▸ THE TASK:
Please transcribe the data that follows exactly as given, leaving out every picture.

▸ DATASET SECTION:
◇ ◇ ◇ ◇

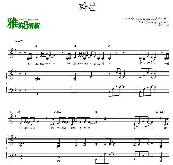 金世正 花盆 Plant 钢琴伴奏谱 韩文歌谱
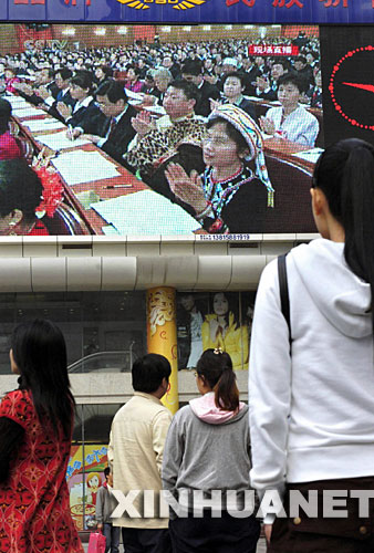 10月15日,市民在南京新街口街头一大屏幕前观看十七大开幕会电视直播。新华社记者 孙参摄
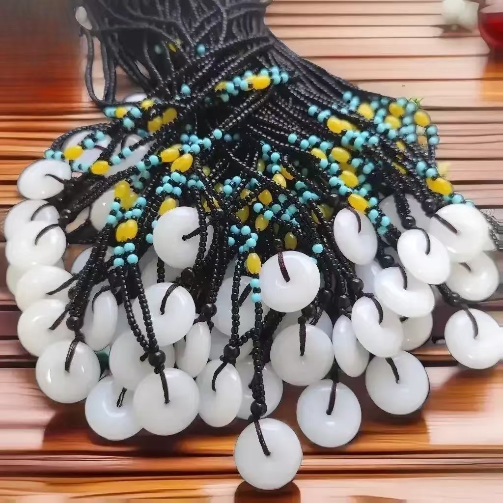 Wholesale Imitation Hetian Jade Safety Buckle Necklace Ethnic Style Simple Long Imitation Jade Pendant Men's and Women's Sweater Chain Direct Sale
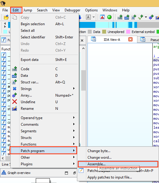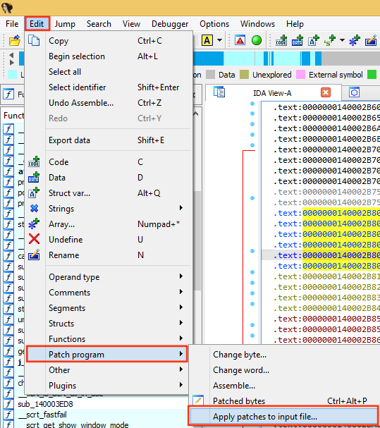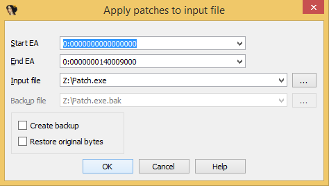 Edit > Patch program > Apply patches to input file... 을 클릭한다.

◇ ◇ ◇ ◇

▸ WRITTEN RESPONSE:
 金世正 花盆 Plant 钢琴伴奏谱 韩文歌谱
 10月15日,市民在南京新街口街头一大屏幕前观看十七大开幕会电视直播。新华社记者 孙参摄
 Wholesale Imitation Hetian Jade Safety Buckle Necklace Ethnic Style Simple Long Imitation Jade Pendant Men's and Women's Sweater Chain Direct Sale
 Edit > Patch program > Apply patches to input file... 을 클릭한다.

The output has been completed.